------ RECORDED DATA
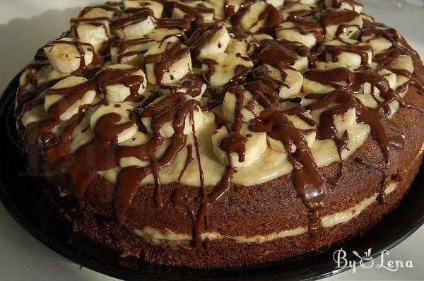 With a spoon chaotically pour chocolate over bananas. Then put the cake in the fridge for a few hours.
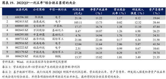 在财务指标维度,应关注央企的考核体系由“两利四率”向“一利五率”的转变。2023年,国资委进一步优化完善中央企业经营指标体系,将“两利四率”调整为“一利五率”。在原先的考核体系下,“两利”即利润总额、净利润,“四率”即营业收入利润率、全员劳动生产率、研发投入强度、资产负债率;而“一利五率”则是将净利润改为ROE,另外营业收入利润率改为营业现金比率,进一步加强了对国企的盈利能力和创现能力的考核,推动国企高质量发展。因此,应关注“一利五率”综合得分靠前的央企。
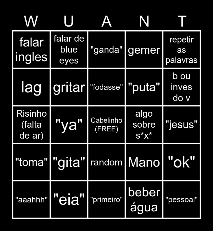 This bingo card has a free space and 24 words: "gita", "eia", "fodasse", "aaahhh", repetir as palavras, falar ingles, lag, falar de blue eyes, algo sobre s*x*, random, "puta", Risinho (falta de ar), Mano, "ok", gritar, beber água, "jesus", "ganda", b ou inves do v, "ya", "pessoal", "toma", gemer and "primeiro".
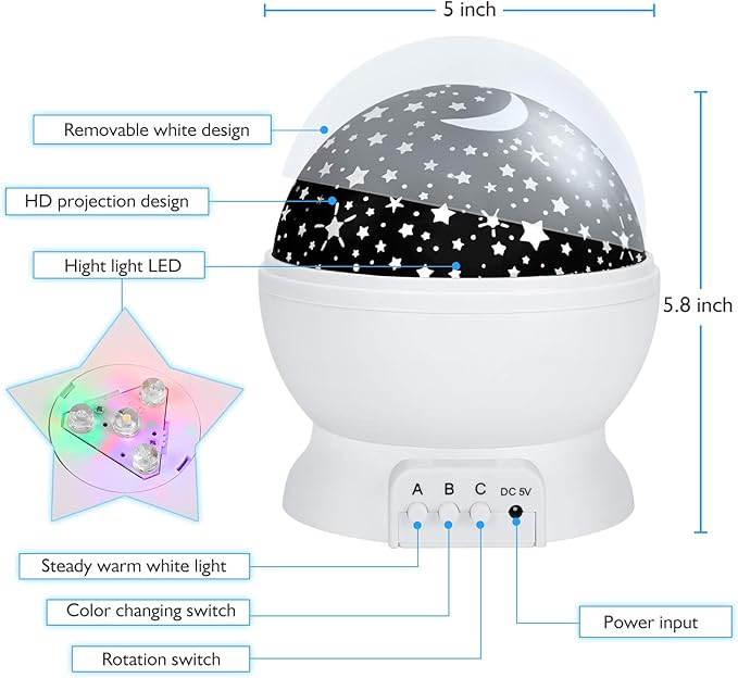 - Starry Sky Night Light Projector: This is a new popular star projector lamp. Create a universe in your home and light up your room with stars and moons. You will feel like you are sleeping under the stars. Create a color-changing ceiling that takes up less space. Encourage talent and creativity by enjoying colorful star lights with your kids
------------
------ RECORDED DATA
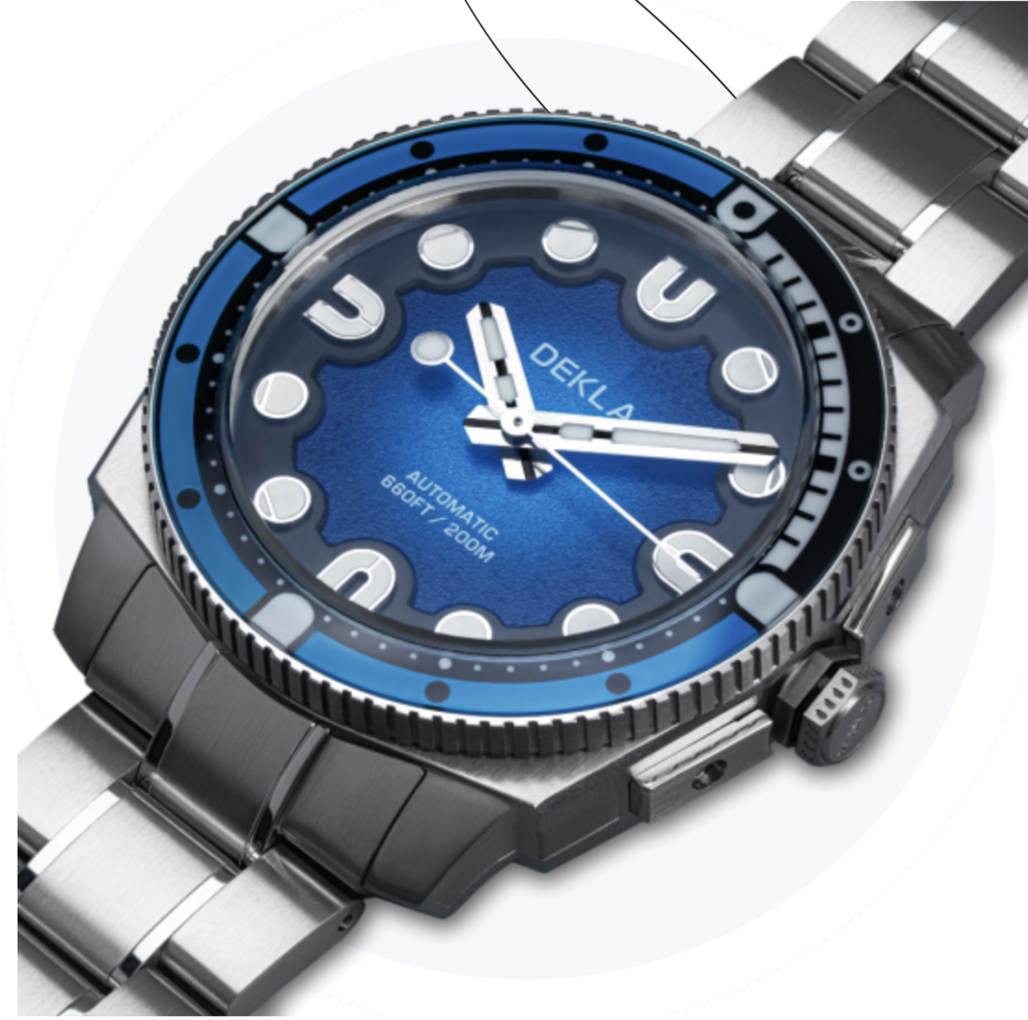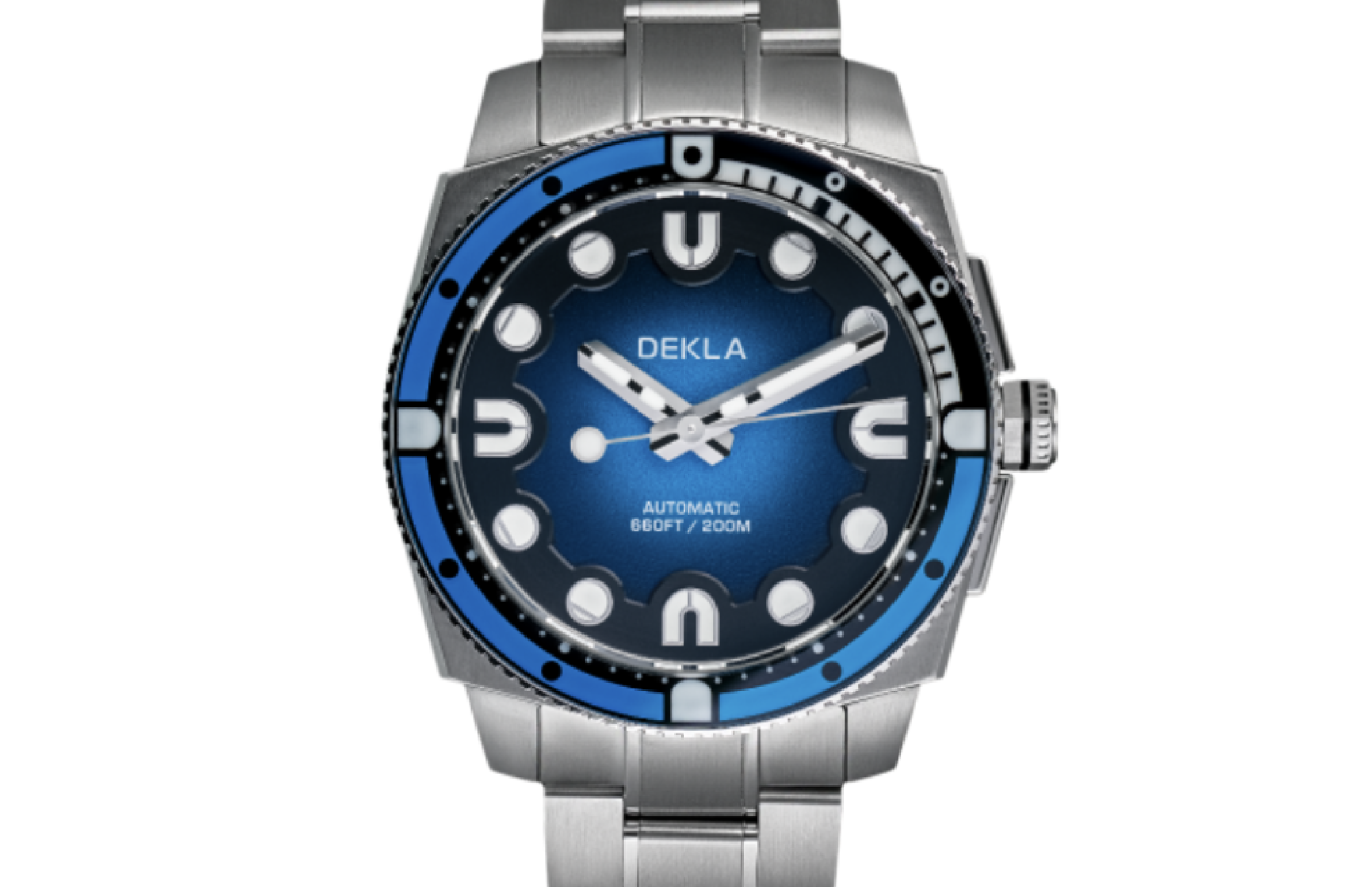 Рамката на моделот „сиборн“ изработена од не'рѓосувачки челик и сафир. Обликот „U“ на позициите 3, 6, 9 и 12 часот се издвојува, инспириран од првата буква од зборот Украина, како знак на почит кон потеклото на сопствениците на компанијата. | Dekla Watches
------------
* AIM OF THE EXERCISE *
Exact copy, no pictures. Write out the lines in the entries above, starting with the line with "This bingo card" and going on through the line with "- Starry Sky", keeping both.

* SOLUTION TO THIS EXERCISE *
 This bingo card has a free space and 24 words: "gita", "eia", "fodasse", "aaahhh", repetir as palavras, falar ingles, lag, falar de blue eyes, algo sobre s*x*, random, "puta", Risinho (falta de ar), Mano, "ok", gritar, beber água, "jesus", "ganda", b ou inves do v, "ya", "pessoal", "toma", gemer and "primeiro".
 - Starry Sky Night Light Projector: This is a new popular star projector lamp. Create a universe in your home and light up your room with stars and moons. You will feel like you are sleeping under the stars. Create a color-changing ceiling that takes up less space. Encourage talent and creativity by enjoying colorful star lights with your kids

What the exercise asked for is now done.